The Akita snapped. Jasmine screamed and leapt to her feet, tail now erect and hackles raised. She peeled back her lips at the two larger dogs. The Airedale’s teeth gnashed forward. Jasmine scooted backward.

  Zenon watched, relishing how the little female bared her teeth while the larger males swayed at her flanks.

  She’ll put up a fight, yeah.

  Jasmine backed up, sidling along the furniture. Cornered now between the couch and the wall.

  Steady boys. Close the gap.

  The larger dogs advanced with tails bristling.

  Get her!

  THE CLOAKROOM STRETCHED BACK far enough so a person might move freely among the hangers. A split door gaped wide at the top while barring entry at the bottom, with a valet bell resting on its ledge. No attendant.

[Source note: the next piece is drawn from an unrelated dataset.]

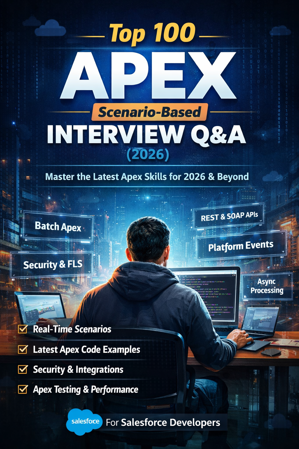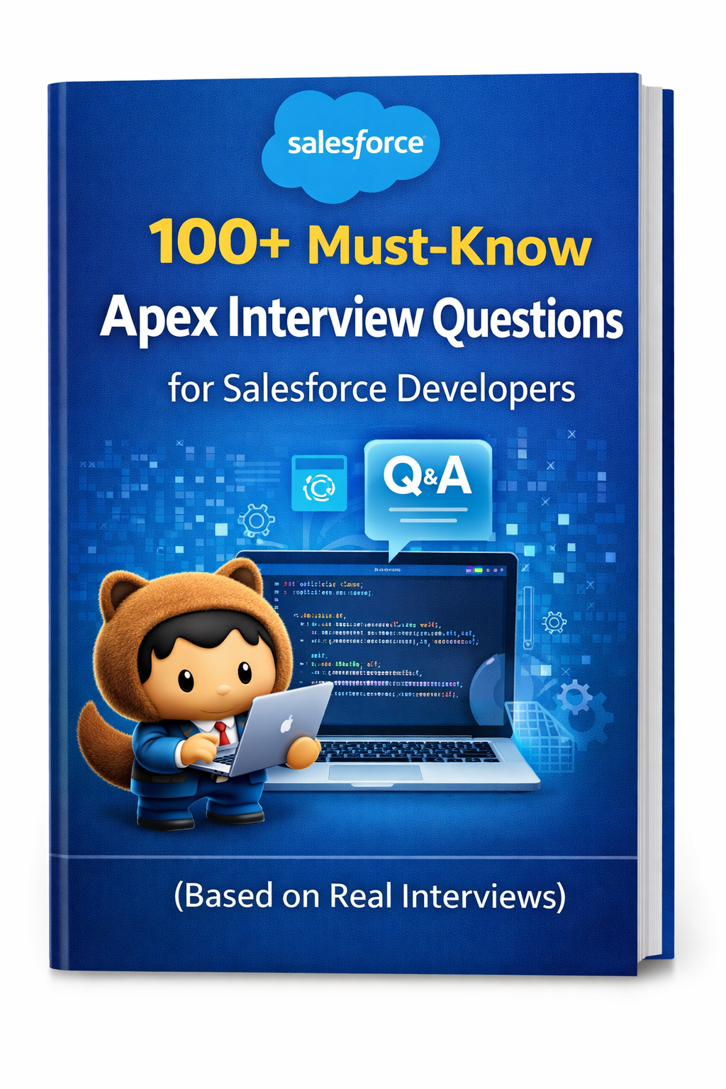 “100+ Must-Know Apex Interview Questions for Salesforce Developers (Based on Real Interviews)” is your definitive guide to mastering Apex interviews. Curated from real-life recruiter calls and technical screenings, this book gives you a behind-the-scenes look at what interviewers are actually asking in 2026 — and how to answer with confidence.

  The little girl was watching Madeleine, the only visible features being her clumped dirty blond hair draped over a single eye. The rest of her remained hidden between a hanging white sequined cape and a flowing golden chiffon wrap. Smudges were visible on the cape where it had come into contact with her.

  Madeleine offered a smile. “Hello there.”

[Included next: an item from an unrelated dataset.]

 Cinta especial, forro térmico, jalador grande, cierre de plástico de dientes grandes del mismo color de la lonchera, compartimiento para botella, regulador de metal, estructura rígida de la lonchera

  The little girl said nothing. She pressed herself further back into the crush of fabric.

  Madeleine leaned over the ledge. “It’s all right. I’m not going to hurt you.”

  She looked down and saw the child’s bare feet just below the hanging garments. Her ankle was streaked with ashen smears, and the ragged tips of her toenails bore black half-moons as if she’d neither washed nor worn shoes in ages.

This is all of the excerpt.